- _Provided material_
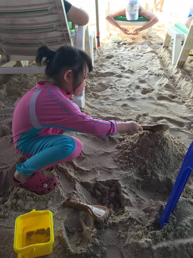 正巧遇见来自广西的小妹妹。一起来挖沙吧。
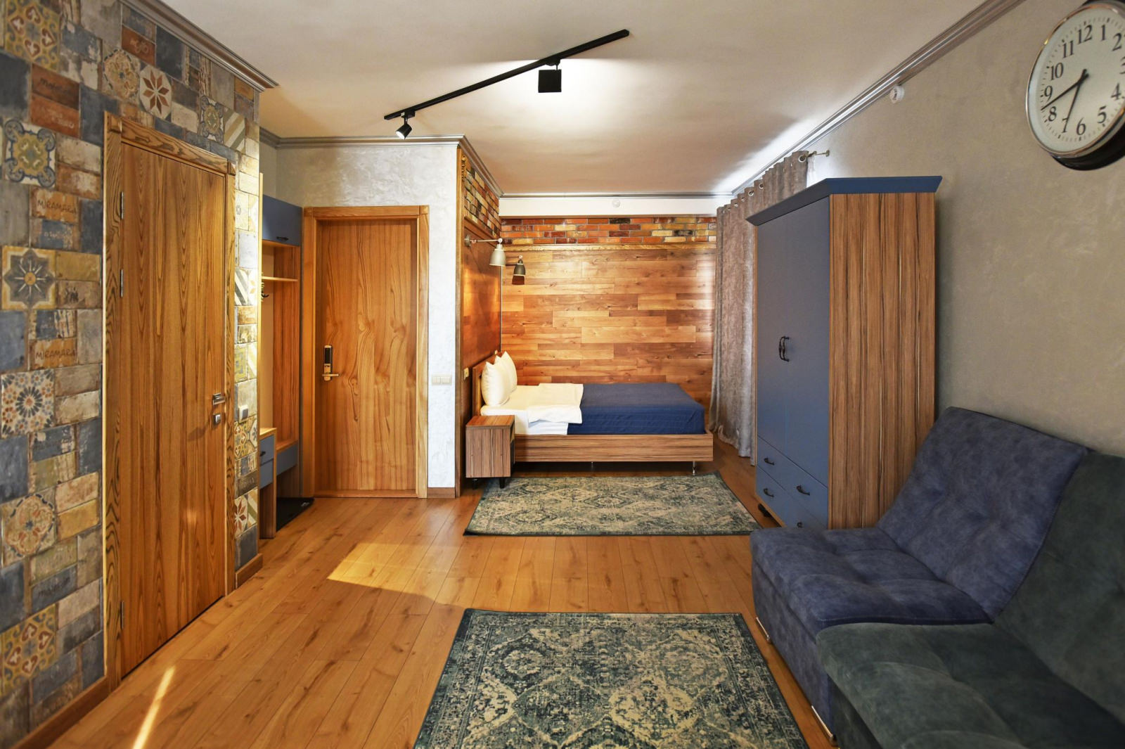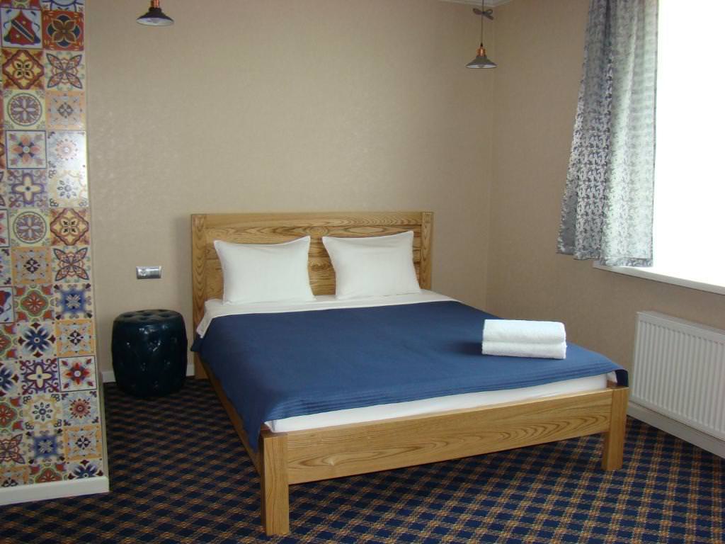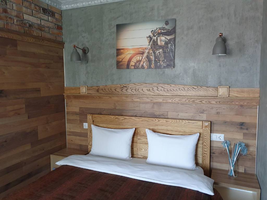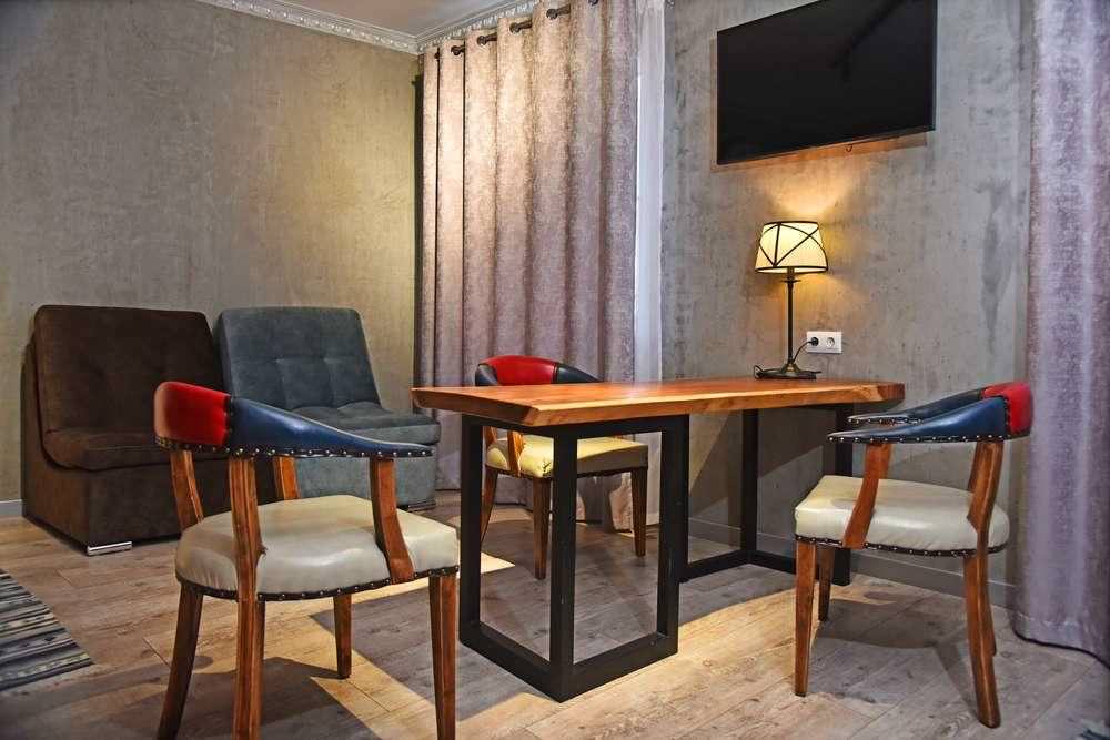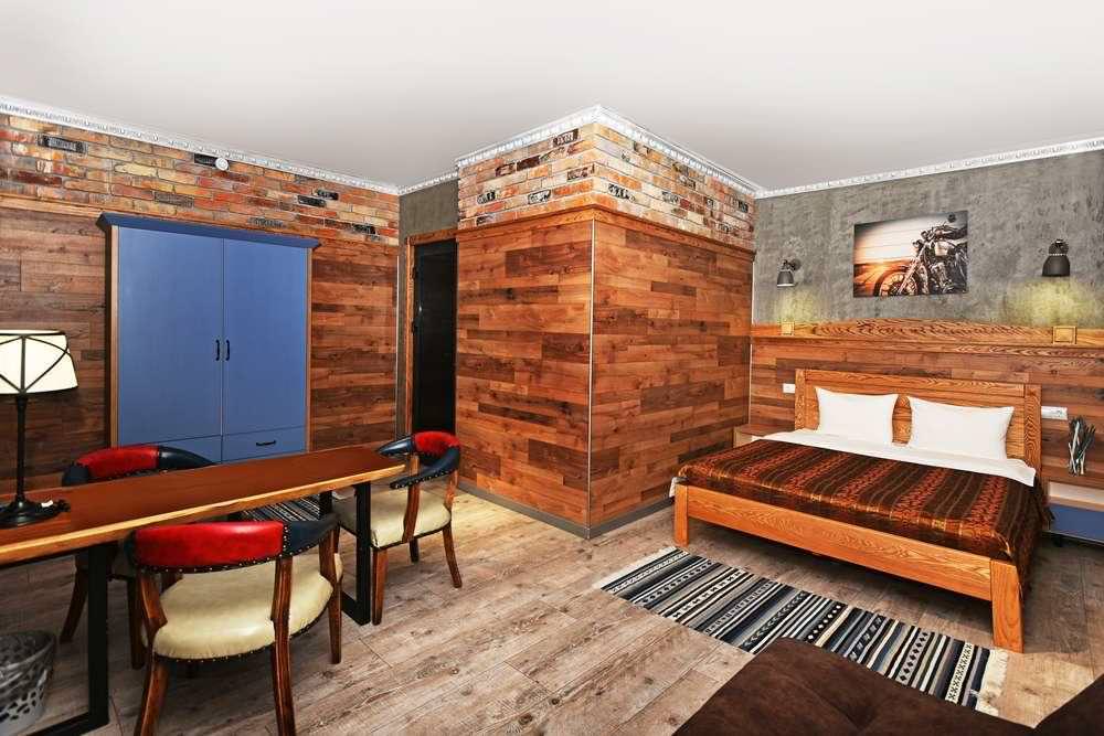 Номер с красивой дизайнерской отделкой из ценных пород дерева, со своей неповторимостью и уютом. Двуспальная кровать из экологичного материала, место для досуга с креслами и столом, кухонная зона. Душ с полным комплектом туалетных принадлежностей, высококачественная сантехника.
...
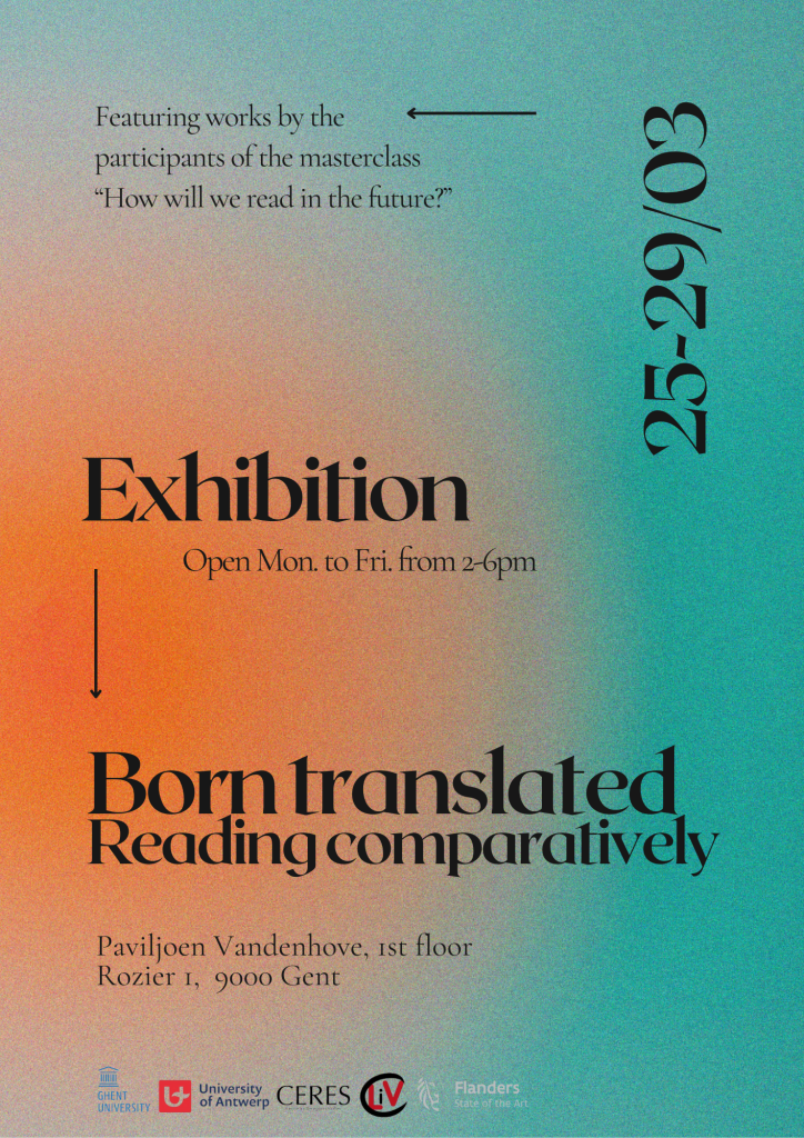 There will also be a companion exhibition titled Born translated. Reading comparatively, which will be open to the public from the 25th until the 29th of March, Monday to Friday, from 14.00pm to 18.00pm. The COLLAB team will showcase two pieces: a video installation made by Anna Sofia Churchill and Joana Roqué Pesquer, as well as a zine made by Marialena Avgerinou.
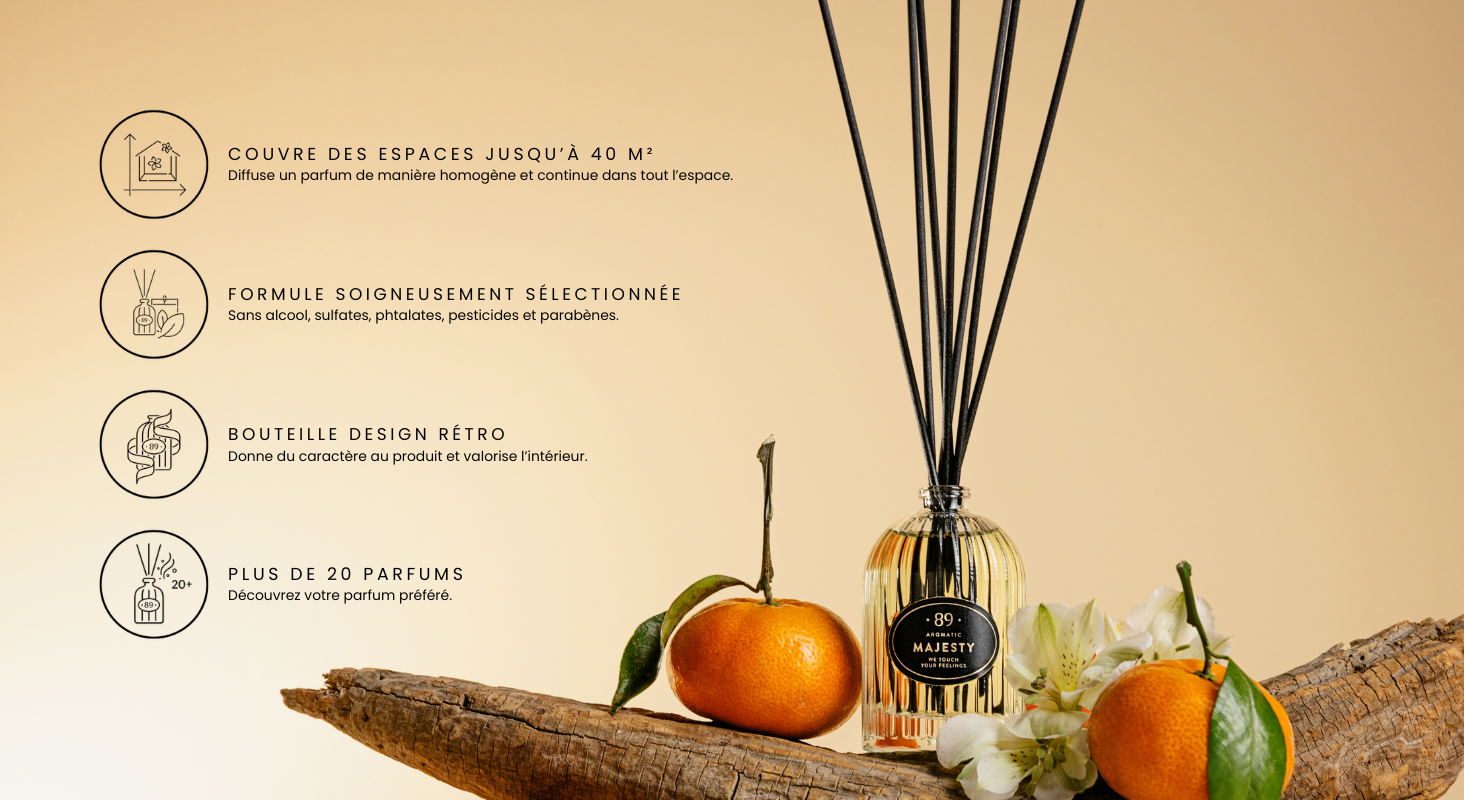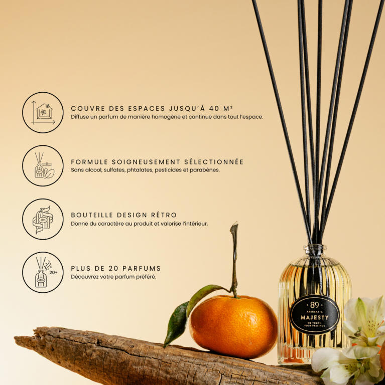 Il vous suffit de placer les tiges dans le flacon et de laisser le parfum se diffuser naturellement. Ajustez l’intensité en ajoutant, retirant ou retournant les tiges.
---
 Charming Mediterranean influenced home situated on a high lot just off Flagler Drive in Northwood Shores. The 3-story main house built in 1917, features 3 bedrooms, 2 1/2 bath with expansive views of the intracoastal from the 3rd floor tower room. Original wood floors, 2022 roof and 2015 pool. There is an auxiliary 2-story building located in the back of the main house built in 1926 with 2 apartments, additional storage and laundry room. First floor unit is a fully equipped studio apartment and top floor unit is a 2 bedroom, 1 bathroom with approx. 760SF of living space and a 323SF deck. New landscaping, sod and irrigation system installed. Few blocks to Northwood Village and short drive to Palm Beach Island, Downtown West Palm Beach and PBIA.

- _Exercise_
From the data above, return exactly the lines from the one with "正巧遇见来自广西的小妹妹。一起来挖沙吧。" up to and including the one with "Номер с красивой". Pictures do not go in the copy.

- _Result of this task_
 正巧遇见来自广西的小妹妹。一起来挖沙吧。
 Номер с красивой дизайнерской отделкой из ценных пород дерева, со своей неповторимостью и уютом. Двуспальная кровать из экологичного материала, место для досуга с креслами и столом, кухонная зона. Душ с полным комплектом туалетных принадлежностей, высококачественная сантехника.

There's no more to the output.